The iPhone maker is reported to have begun making preparations to comply with the EU's Digital Markets Act, which comes into force in 2024.
In meeting the requirements set by European legislators, Apple could allow its customers to download third-party software to their iPhones and iPads without using the company’s App Store, sidestepping Apple’s restrictions and commission charges of up to 30 per cent.
The EU's Digital Markets Act (DMA) aims to curb anti-competitive behaviour and keep “gatekeepers” from suppressing market competition. The fines for non-compliance can reach up to 10 per cent of annual turnover.
To address what it deems as unfair business practices, the DMA is set to require 'Big Tech' companies such as Apple, Google, Amazon, Facebook and Microsoft to make their messaging services interoperable with third parties and provide business users with access to the data they generate to promote their own offers and conclude contracts with customers outside of the host platform.
The DMA only apply to technology companies with market valuations of at least €75bn (£65bn) and a minimum of 45 million monthly users within the EU.
The act came into force on 1 November, 2022, but gives affected gatekeepers - including Apple - until March 2024 to comply.
“What we want is simple: fair markets also in digital. Large gatekeeper platforms have prevented businesses and consumers from the benefit of competitive digital markets,” said EU anti-trust chief Margrethe Vestager in March.
As part of the reported planned change, Apple customers could ultimately install apps without using the company's App Store. However, Apple has not made decisions on whether to comply with other provisions of the DMA, such as allowing for alternative payment systems to its own, according to Bloomberg's sources.
Last year alone, about $10bn (£8bn) worth of transactions flowed through the App Store, according to estimates from Sensor Tower, a mobile analytics company, with Apple taking a commission of up to 30 per cent.
Opening up to outside app stores could therefore present a major threat to Apple's fast-growing services business, but rivals would first have to surmount the hurdle of convincing consumers to leave the security and simplicity of using Apple's own store.
Angelo Zino, a stock analyst at CFRA, said he expects less than 0.2 per cent of Apple's total sales to be affected by competing app stores in Europe.
"The ultimate impact will be minimal as most consumers are creatures of habit and are very satisfied with the platform," he said. "We expect a majority of consumers will keep the status quo by utilising [Apple's] existing app store."
The changes are only set to be implemented in Europe, although there is potential for other countries to pass similar legislation.

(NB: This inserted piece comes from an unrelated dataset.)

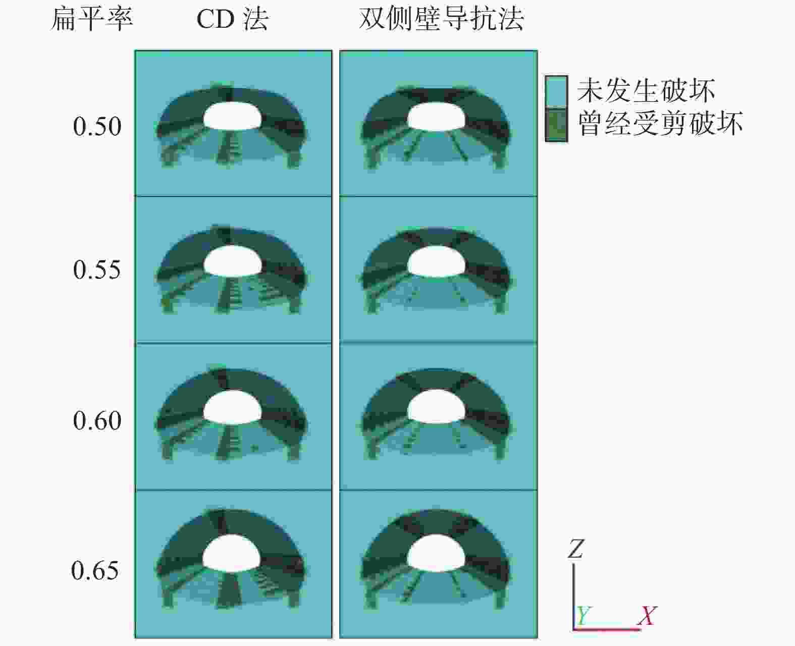[1] 韩艳红, 赵 智, 张 良. 扁平率对大跨度隧道二衬结构力学特性的影响分析[J]. 公路交通科技(应用技术版),2020,16(9):49-52. (HAN Y H, ZHAO Z, ZHANG L. Analysis of the effect on mechanical properties of second lining structures of large span tunnels by flatness ratio[J]. Road Traffic Science and Technology (Applied Technology Edition),2020,16(9):49-52. (in Chinese)HAN Y H, ZHAO Z, ZHANG L. Analysis of the effect on mechanical properties of second lining structures of large span tunnels by flatness ratio[J]. Road Traffic Science and Technology (Applied Technology Edition), 2020, 16(9): 49-52. [2] 曲海锋. 扁平特大断面隧道修筑及研究概述[J]. 隧道建设,2009,29(2):166-171. (QU H F. An overview on construction and research of super-large cross-section tunnels with low height-span ratios[J]. Tunnel Construction,2009,29(2):166-171. (in Chinese)QU H F. An overview on construction and research of super-large cross-section tunnels with low height-span ratios[J]. Tunnel Construction, 2009, 29(2): 166-171. (in Chinese) [3] 彭 波. 超大断面扁平结构隧道开挖方法数值模拟及优化研究[J]. 北方交通,2021(10):78-82. (PENG B. Research on numerical simulation and optimization of excavation method for flat structure tunnel with super-large section[J]. Northern Communications,2021(10):78-82. (in Chinese)PENG B. Research on numerical simulation and optimization of excavation method for flat structure tunnel with super-large section[J]. Northern Communications, 2021(10): 78-82. (in Chinese) [4] 唐 颖. 金鸡山特大跨度连拱隧道设计[J]. 公路,2007(8):216-220. (TANG Y. Design of Jinji Mountain large-span continuous-arch tunnel[J]. Highway,2007(8):216-220. (in Chinese)TANG Y. Design of Jinji Mountain large-span continuous-arch tunnel[J]. Highway, 2007(8): 216-220. [5] 李志刚, 丁文其, 杨重存, 等. 扁平特大断面公路隧道核心土模拟与分析[J]. 地下空间与工程学报,2007,3(4):627-632. (LI Z G, DING W Q, YANG C C, et al. Simulation and analysis of core rock in flat and large span highway tunnel[J]. Chinese Journal of Underground Space and Engineering,2007,3(4):627-632. (in Chinese) doi: 10.3969/j.issn.1673-0836.2007.04.010LI Z G, DING W Q, YANG C C, et al. Simulation and analysis of core rock in flat and large span highway tunnel[J]. Chinese Journal of Underground Space and Engineering, 2007, 3(4): 627-632. (in Chinese) doi: 10.3969/j.issn.1673-0836.2007.04.010 [6] 皇 民, 金沐妍. 韩门大断面隧道预留核心土法施工中软弱围岩变形预测与控制[J]. 河南工程学院学报(自然科学版),2022,34(2):19-23. (HUANG M, JIN M Y. College on the deformation prediction and control of weak rock using core soil method in Hanmen large section tunnel[J]. Journal of Henan University of Engineering,2022,34(2):19-23. (in Chinese)HUANG M, JIN M Y. College on the deformation prediction and control of weak rock using core soil method in Hanmen large section tunnel[J]. Journal of Henan University of Engineering, 2022, 34(2): 19-23. (in Chinese) [7] 张俊儒, 徐 剑, 龚彦峰, 等. 单跨5车道公路隧道工法优化及施工力学特性研究[J]. 隧道建设(中英文),2021,41(5):831-840. (ZHANG J R, XU J, GONG Y F, et al. Study on construction method optimization and construction mechanical characteristics of a single-span five-lane highway tunnel[J]. Tunnel Construction,2021,41(5):831-840. (in Chinese)ZHANG J R, XU J, GONG Y F, et al. Study on construction method optimization and construction mechanical characteristics of a single-span five-lane highway tunnel[J]. Tunnel Construction, 2021, 41(5): 831-840. (in Chinese) [8] 滕兆宝. 超大断面隧道不同开挖工法力学特征研究[J]. 建筑技术开发,2022,49(23):92-96. (TENG Z B. Study on mechanical characteristics of different excavation methods for super large section tunnels[J]. Building Technology Development,2022,49(23):92-96. (in Chinese) doi: 10.3969/j.issn.1001-523X.2022.23.032TENG Z B. Study on mechanical characteristics of different excavation methods for super large section tunnels[J]. Building Technology Development, 2022, 49(23): 92-96. (in Chinese) doi: 10.3969/j.issn.1001-523X.2022.23.032 [9] 关宝树. 隧道工程施工要点集[M]. 2版. 北京: 人民交通出版社, 2011. (GUAN B S. Key points of tunnel construction[M]. 2nd ed. Beijing: China Communications Press, 2011. (in Chinese)GUAN B S. Key points of tunnel construction[M]. 2nd ed. Beijing: China Communications Press, 2011. (in Chinese) [10] 王 建, 胡潇月. 特大断面公路隧道扁平率数值分析[J]. 公路交通技术,2014(3):90-94. (WANG J, HU X Y. Numerical analysis for flatness ratio of king-size section highway tunnels[J]. Technology of Highway and Transport,2014(3):90-94. (in Chinese) doi: 10.3969/j.issn.1009-6477.2014.03.022WANG J, HU X Y. Numerical analysis for flatness ratio of king-size section highway tunnels[J]. Technology of Highway and Transport, 2014(3): 90-94. (in Chinese) doi: 10.3969/j.issn.1009-6477.2014.03.022 [11] 陈卫忠, 王 辉, 田洪铭. 浅埋破碎岩体中大跨隧道断面扁平率优化研究[J]. 岩石力学与工程学报,2011,30(7):1389-1395. (CHEN W Z, WANG H, TIAN H M. Study of flat ratio optimization of large-span tunnel section in shallow broken rock mass[J]. Chinese Journal of Rock Mechanics and Engineering,2011,30(7):1389-1395. (in Chinese)CHEN W Z, WANG H, TIAN H M. Study of flat ratio optimization of large-span tunnel section in shallow broken rock mass[J]. Chinese Journal of Rock Mechanics and Engineering, 2011, 30(7): 1389-1395. (in Chinese) [12] 郭新新, 汪 波, 王永琪, 等. Ⅲ级围岩四车道隧道扁平率的合理取值[J]. 地下空间与工程学报,2019,15(6):1792-1799. (GUO X X, WANG B, WANG Y Q, et al. Optimal high-span ratio of four-lanes tunnel in rocks of grade Ⅲ[J]. Chinese Journal of Underground Space and Engineering,2019,15(6):1792-1799. (in Chinese)GUO X X, WANG B, WANG Y Q, et

The Australian Competition Commission has announced it is studying the DMA, and Epic Games boss Tim Sweeney has called on US politicians to follow Europe's lead, saying an EU-only edict would "leave American developers in serfdom in the nation where Apple was founded".
Over the past few years, Apple has been engaged in legal fights with the video games giant, which claimed that the iPhone's native App Store constitutes a monopoly. The legal dispute began when Epic's flagship title, Fortnite, was removed from the store for trying to bypass Apple's 30 per cent commission rate.
Apple has lobbied intensively against the DMA since the legislation was first proposed, arguing that it would expose users to security and privacy dangers.
Earlier this year, the company reiterated its worries in a statement, saying: “We remain concerned that some provisions of the DMA will create unnecessary privacy and security vulnerabilities for our users, while others will prohibit us from charging for intellectual property in which we invest a great deal”.
Last year, it was revealed that 612 companies, groups and associations spend more than €97m (£83m) annually lobbying against EU digital economy policies, specifically the DMA and the DSA (Digital Services Act), with lobbyists involved in three-quarters of the 270 meetings Commission officials had on the two draft laws.
Despite this intense lobbying, Apple has been recently forced to change several of its policies as a result of European and UK legislation, such as enabling customers' right to repair and changing its future devices to use a USB-C charging port.